## Your goal
In the entries below, find the line containing "在科技日上,一款令人意想不到的氫燃料電池車——奧迪Q5 HFC(Hydrogen Fuel" and the line containing "O presidente da". Copy those two lines and everything between them exactly, without the pictures.

## Records for the exercise
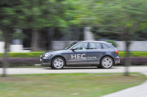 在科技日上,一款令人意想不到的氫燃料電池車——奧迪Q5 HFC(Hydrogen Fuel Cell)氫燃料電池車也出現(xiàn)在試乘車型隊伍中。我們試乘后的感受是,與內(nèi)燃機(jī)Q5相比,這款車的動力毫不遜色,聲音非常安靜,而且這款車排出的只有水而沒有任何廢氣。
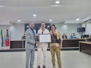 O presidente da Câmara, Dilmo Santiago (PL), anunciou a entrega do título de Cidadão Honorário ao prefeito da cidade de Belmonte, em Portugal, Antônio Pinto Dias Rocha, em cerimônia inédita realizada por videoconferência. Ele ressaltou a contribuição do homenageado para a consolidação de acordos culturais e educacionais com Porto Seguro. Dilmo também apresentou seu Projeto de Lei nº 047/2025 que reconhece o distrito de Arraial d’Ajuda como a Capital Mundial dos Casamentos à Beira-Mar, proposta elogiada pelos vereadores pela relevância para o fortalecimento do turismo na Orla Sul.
---
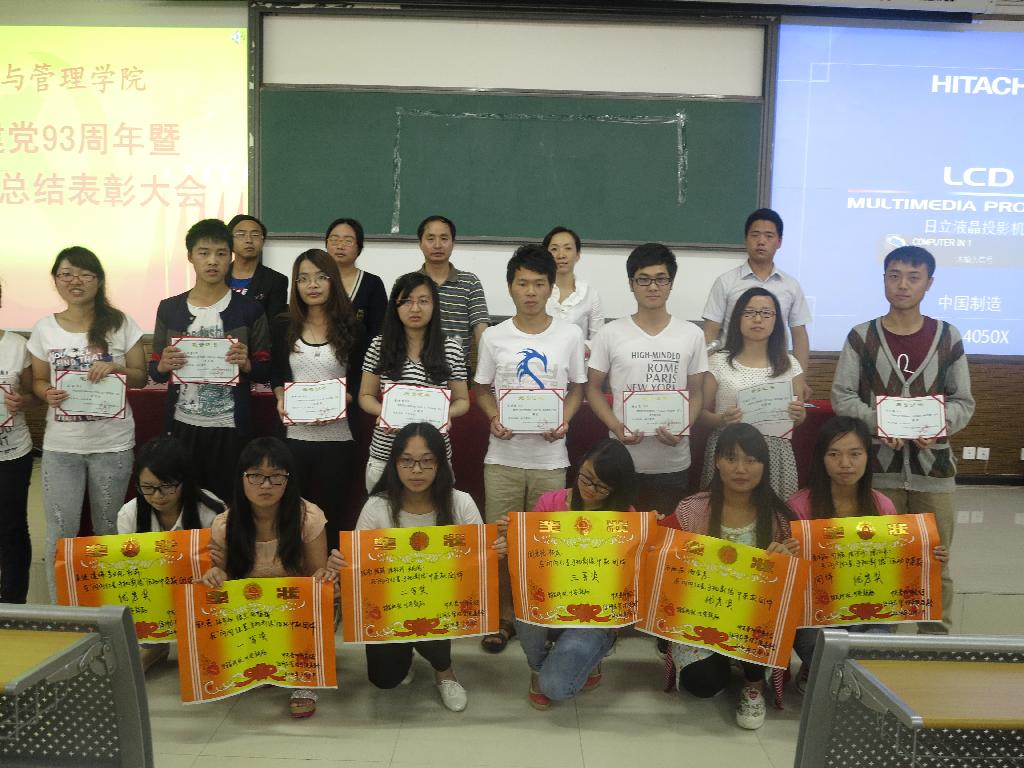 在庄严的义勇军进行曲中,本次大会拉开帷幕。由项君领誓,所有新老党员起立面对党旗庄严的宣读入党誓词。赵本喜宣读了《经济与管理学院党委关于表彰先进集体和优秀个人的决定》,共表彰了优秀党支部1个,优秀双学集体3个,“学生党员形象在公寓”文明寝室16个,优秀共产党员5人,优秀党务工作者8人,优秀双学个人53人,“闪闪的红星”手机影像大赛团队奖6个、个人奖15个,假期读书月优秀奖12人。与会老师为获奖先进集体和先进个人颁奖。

## Output for this exercise
 在科技日上,一款令人意想不到的氫燃料電池車——奧迪Q5 HFC(Hydrogen Fuel Cell)氫燃料電池車也出現(xiàn)在試乘車型隊伍中。我們試乘后的感受是,與內(nèi)燃機(jī)Q5相比,這款車的動力毫不遜色,聲音非常安靜,而且這款車排出的只有水而沒有任何廢氣。
 O presidente da Câmara, Dilmo Santiago (PL), anunciou a entrega do título de Cidadão Honorário ao prefeito da cidade de Belmonte, em Portugal, Antônio Pinto Dias Rocha, em cerimônia inédita realizada por videoconferência. Ele ressaltou a contribuição do homenageado para a consolidação de acordos culturais e educacionais com Porto Seguro. Dilmo também apresentou seu Projeto de Lei nº 047/2025 que reconhece o distrito de Arraial d’Ajuda como a Capital Mundial dos Casamentos à Beira-Mar, proposta elogiada pelos vereadores pela relevância para o fortalecimento do turismo na Orla Sul.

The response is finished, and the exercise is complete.